Коробейник порылся в своих обильных пожитках, извлек надорванный пальмовый лист.

— Вот вчерась у глашатая выпросил. Слушай, паря, чего написано: «Уж не поставлена ли мне на голову нога презренного?! Уж не брошен ли мой венок на место сожжения трупов?! Пятимужье в наше просвещенное время — беззаконие, противное миру, и в прежние дни этот закон тоже не часто соблюдался благородными! Хум [142] !» И печать Панчалийца.

— Хум, — согласился Карна. — Всем хумам хум. Да, не повезло панчалам: и красильщика грохнули, и царевну сперли…

— И вообще… — непонятно к чему сообщил молчавший до того гуртовщик.

После чего плотней завернулся в грубое одеяло, шершавое, как терка, которое служило ему и плащом, и сиденьем, и подкладкой для ношения тяжестей на голове, через минуту он уже храпел.
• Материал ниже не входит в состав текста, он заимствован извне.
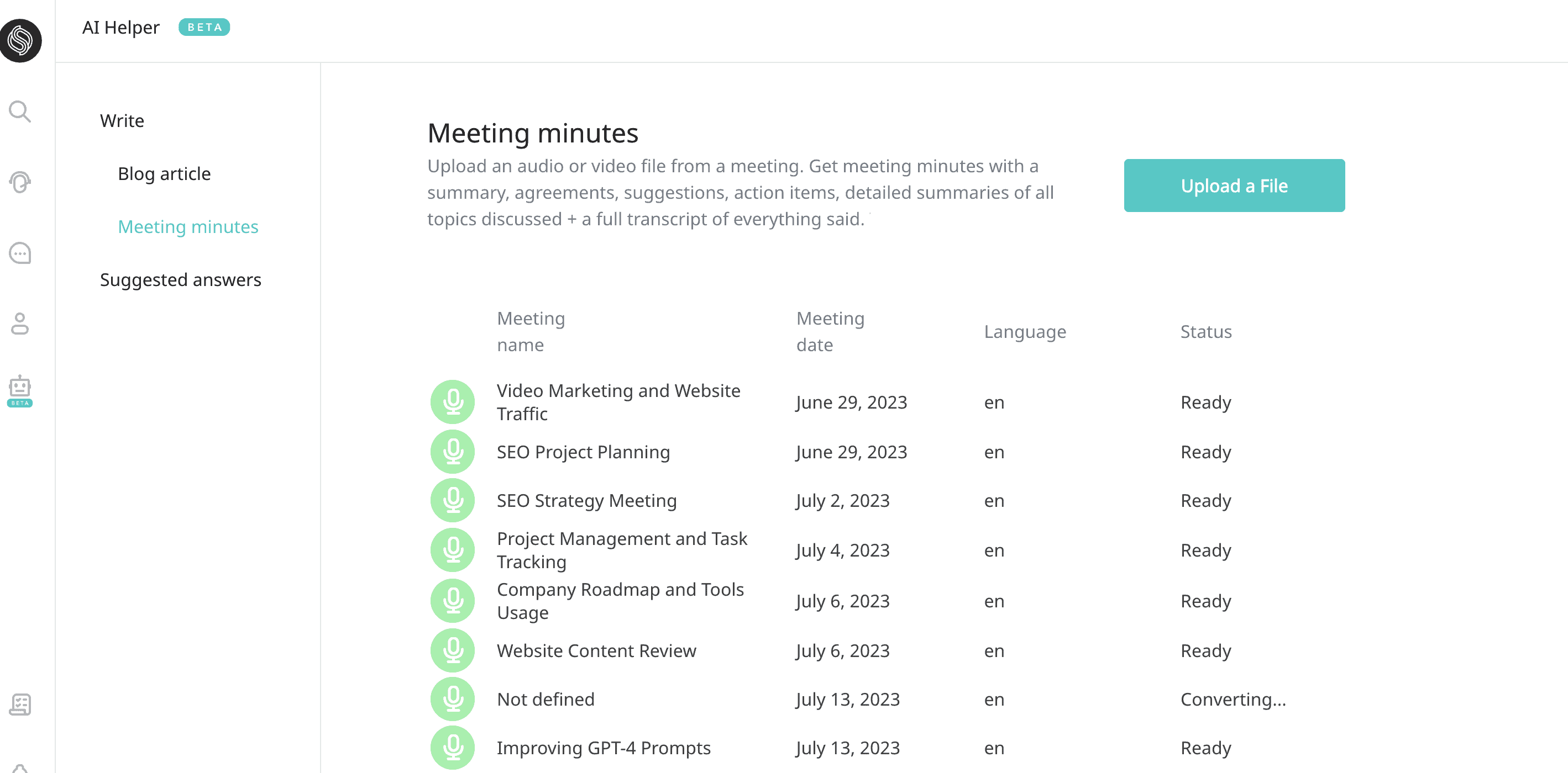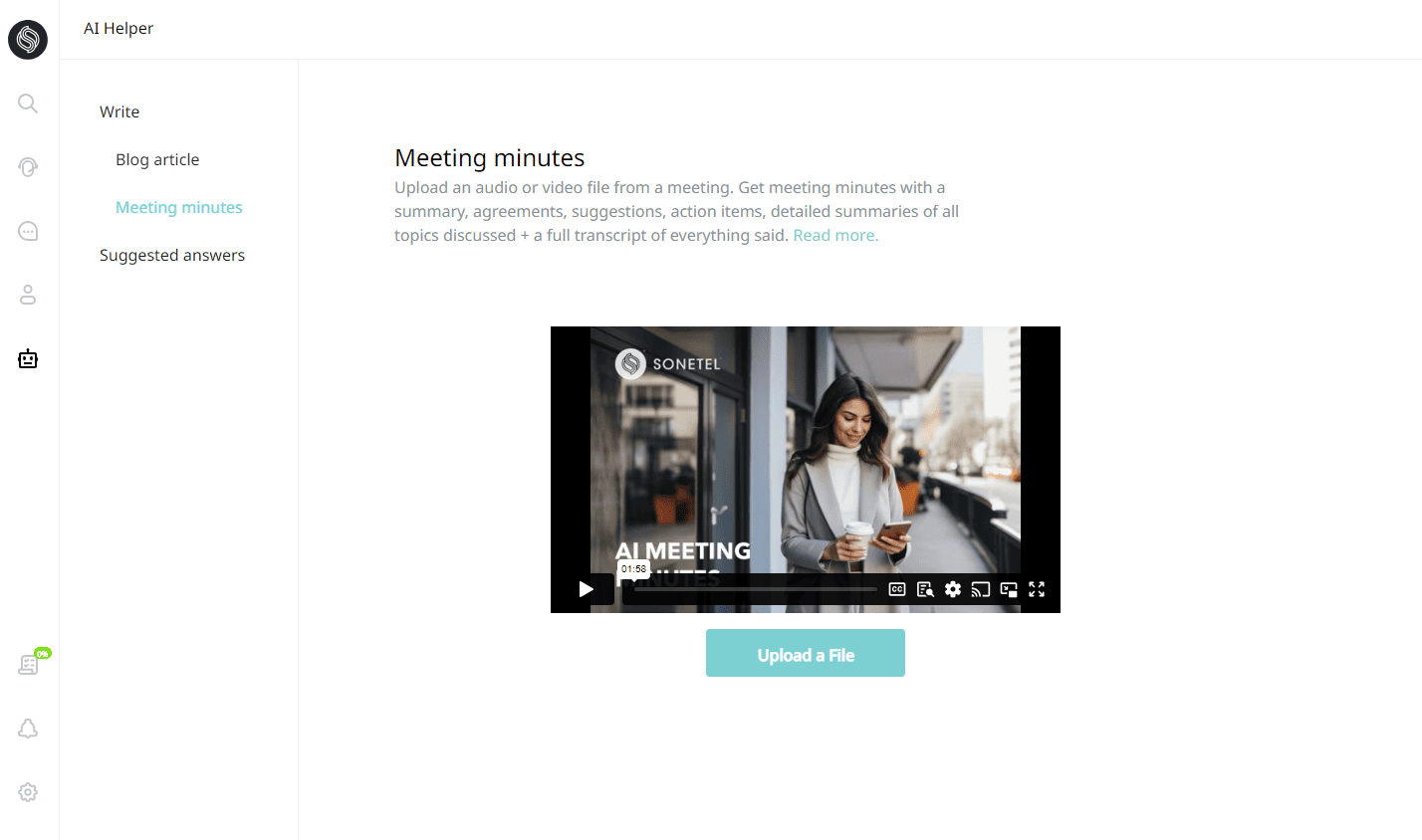 AI icon on the left to come to the Meeting Minutes page. - Hit the 'Upload a file' button to upload the recording of your meeting.
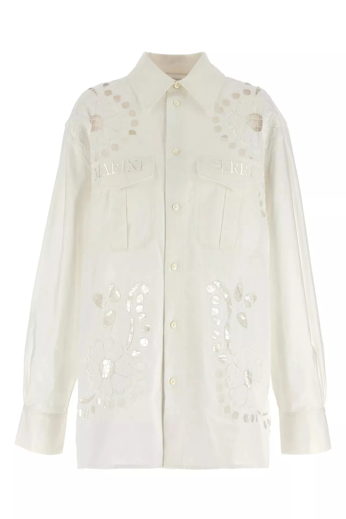 cod. USI022AUWOV0045WH20 Cotton shirt with embroidery and cut-out details, front button closure, pockets, long cuffed sleeves. SUSTAINABLE: Product made with regenerated materials. Color: White Size & Fit: Boxy fit Composition: 100% cotton Made in: Romania

— И вообще, — согласился кто-то из-за спины Карны.

Ты обернулся.

И сразу узнал подошедшего к костру человека, хотя со времени вашей первой и единственной встречи прошло больше четырех лет.

Черная кожа, пухлые девичьи губы, мягкий подбородок, звезды очей лучатся приязнью… Кришна Джанардана.

Черный Баламут.

— А ты-то что здесь делаешь? — малость обалдев от неожиданного свидания, спросил ты вместо приветствия. Баламут тихо рассмеялся:

— Женихался, дружище Ушастик! В «Свободном Выборе» участвовал. Или я, по— твоему, не гожусь в женихи?

— Пастушки надоели?

— И это тоже. Тебе хорошо, ты опоздал… а мы все в дураках остались. Позор!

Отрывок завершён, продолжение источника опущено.